AIM OF THE TASK -> Return every line of the records, exact and in full, until you have returned the line with "Back in the", and include none of the pictures.

Stored items ->
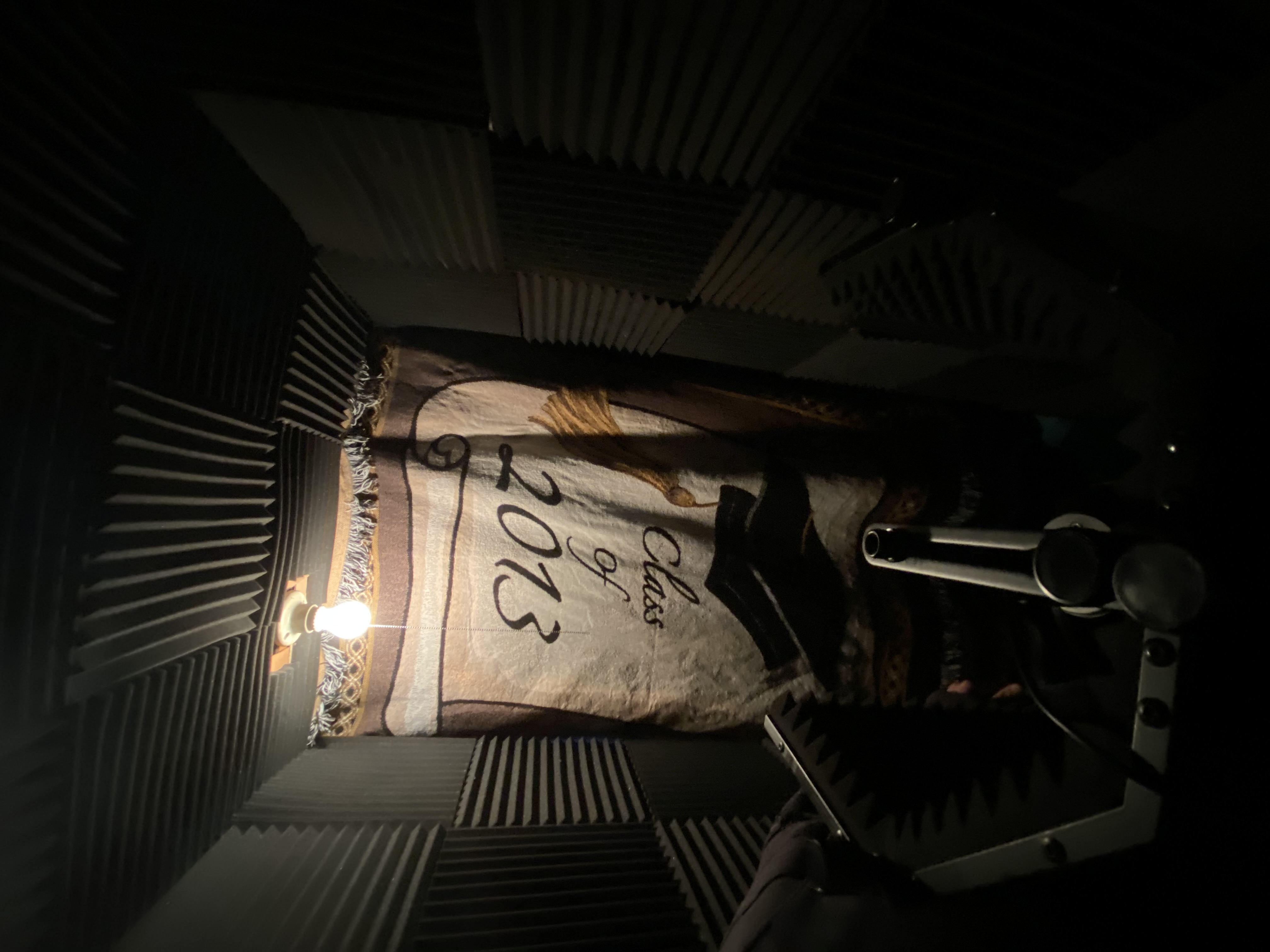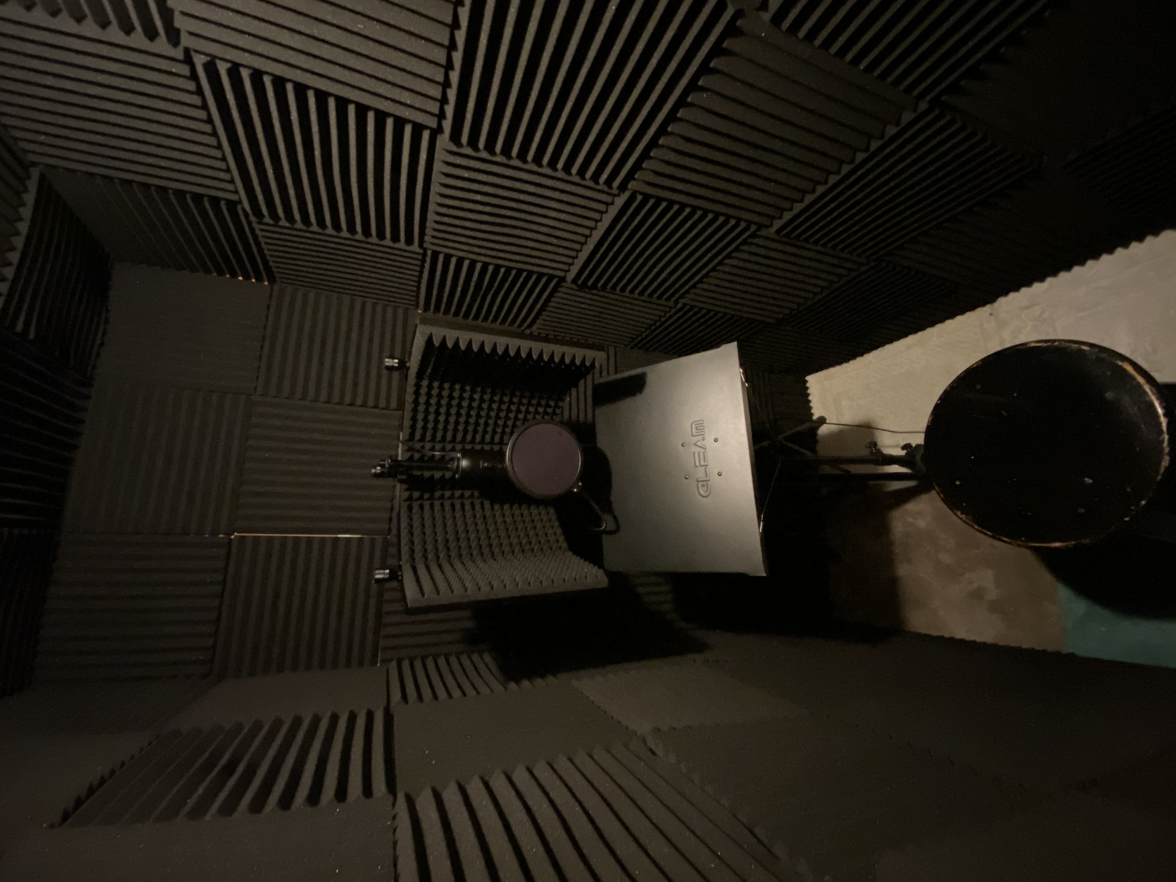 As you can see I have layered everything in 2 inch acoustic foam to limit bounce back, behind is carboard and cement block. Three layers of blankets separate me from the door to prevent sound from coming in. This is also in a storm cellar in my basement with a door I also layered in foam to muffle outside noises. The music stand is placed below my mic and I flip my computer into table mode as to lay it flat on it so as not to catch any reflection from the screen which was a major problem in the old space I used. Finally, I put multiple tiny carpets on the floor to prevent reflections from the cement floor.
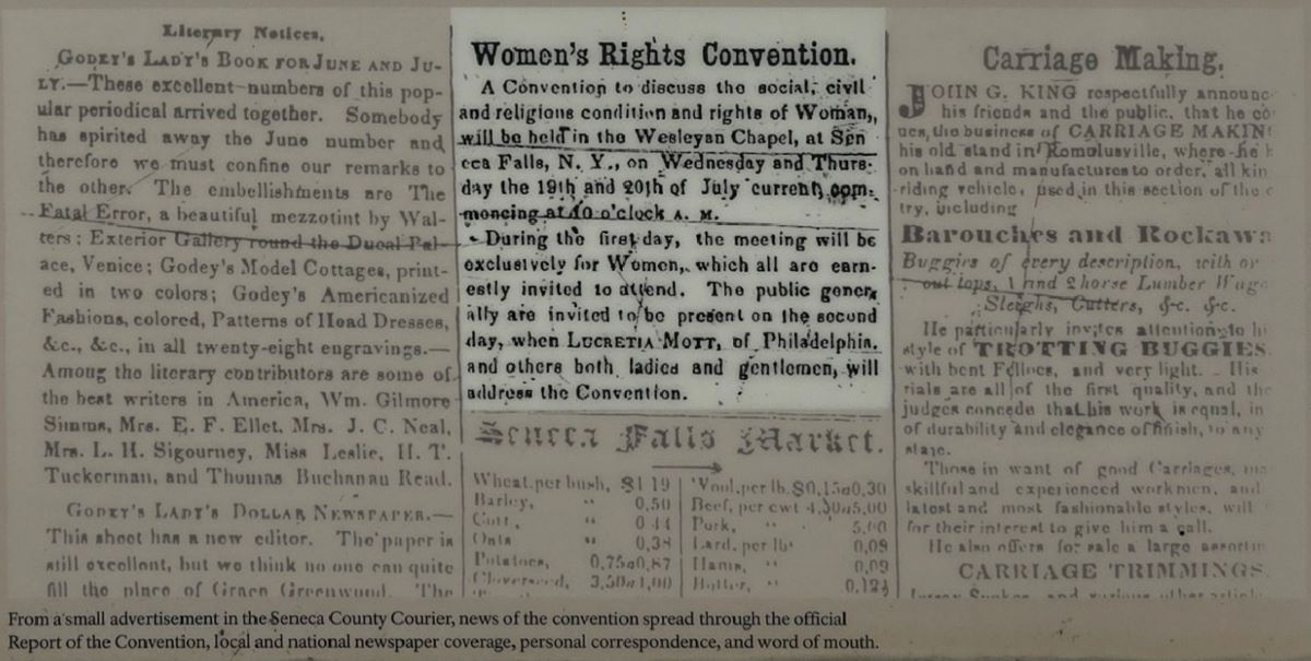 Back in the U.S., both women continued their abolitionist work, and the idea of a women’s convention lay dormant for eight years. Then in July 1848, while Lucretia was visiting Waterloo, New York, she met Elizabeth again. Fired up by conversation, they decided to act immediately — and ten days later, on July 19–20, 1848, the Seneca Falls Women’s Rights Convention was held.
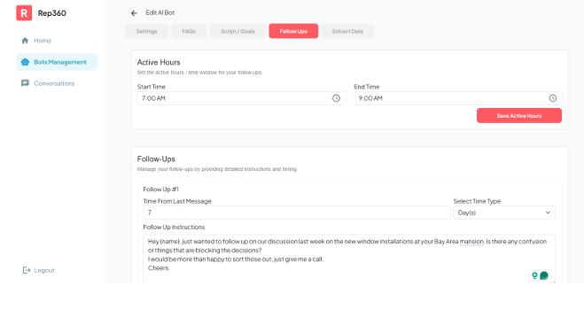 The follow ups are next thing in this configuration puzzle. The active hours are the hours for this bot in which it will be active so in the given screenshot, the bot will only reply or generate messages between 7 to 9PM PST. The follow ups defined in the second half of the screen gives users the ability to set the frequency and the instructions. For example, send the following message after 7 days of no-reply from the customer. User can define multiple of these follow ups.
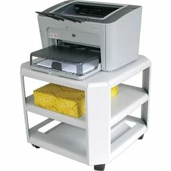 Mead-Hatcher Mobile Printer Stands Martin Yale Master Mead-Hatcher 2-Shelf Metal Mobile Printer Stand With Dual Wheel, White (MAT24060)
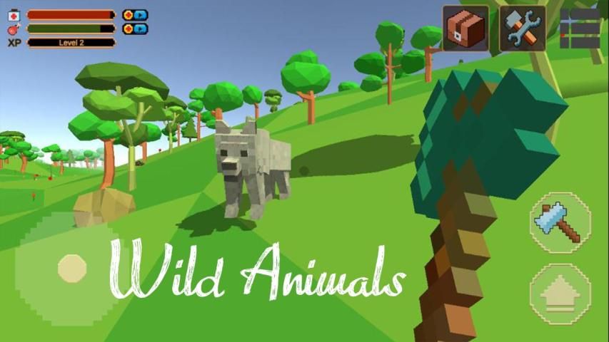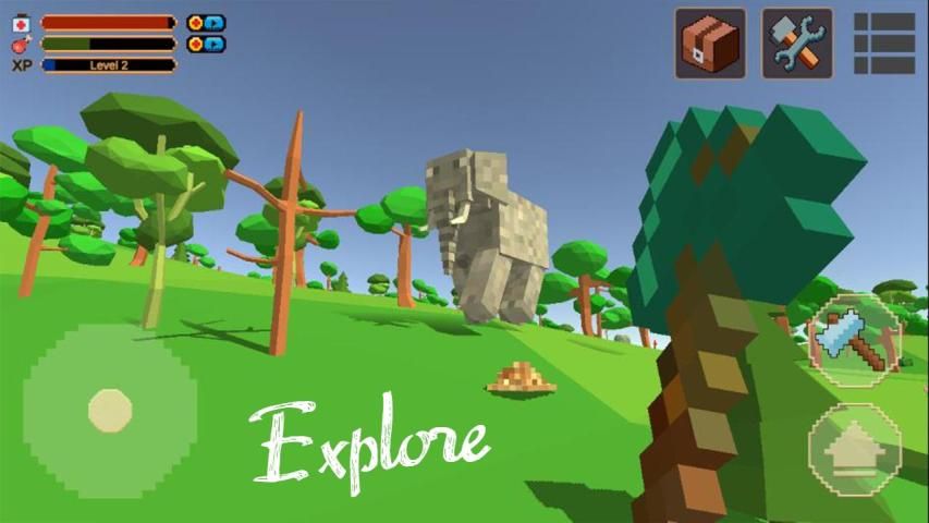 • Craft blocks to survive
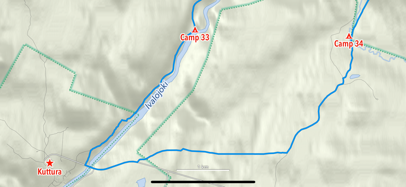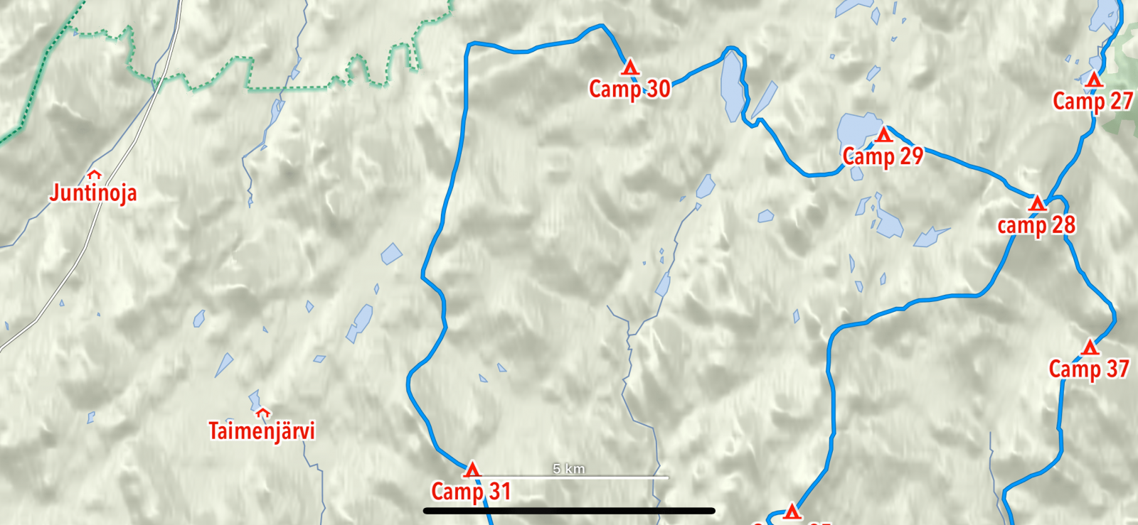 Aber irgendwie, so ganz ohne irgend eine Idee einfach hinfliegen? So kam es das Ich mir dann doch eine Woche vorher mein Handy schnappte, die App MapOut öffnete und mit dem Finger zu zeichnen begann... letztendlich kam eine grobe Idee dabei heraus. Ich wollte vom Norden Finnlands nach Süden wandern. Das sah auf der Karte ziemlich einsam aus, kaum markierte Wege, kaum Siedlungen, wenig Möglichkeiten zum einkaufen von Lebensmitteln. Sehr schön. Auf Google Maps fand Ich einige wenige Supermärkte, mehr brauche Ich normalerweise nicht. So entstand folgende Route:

SOLUTION FOR THIS EXERCISE ->
 As you can see I have layered everything in 2 inch acoustic foam to limit bounce back, behind is carboard and cement block. Three layers of blankets separate me from the door to prevent sound from coming in. This is also in a storm cellar in my basement with a door I also layered in foam to muffle outside noises. The music stand is placed below my mic and I flip my computer into table mode as to lay it flat on it so as not to catch any reflection from the screen which was a major problem in the old space I used. Finally, I put multiple tiny carpets on the floor to prevent reflections from the cement floor.
 Back in the U.S., both women continued their abolitionist work, and the idea of a women’s convention lay dormant for eight years. Then in July 1848, while Lucretia was visiting Waterloo, New York, she met Elizabeth again. Fired up by conversation, they decided to act immediately — and ten days later, on July 19–20, 1848, the Seneca Falls Women’s Rights Convention was held.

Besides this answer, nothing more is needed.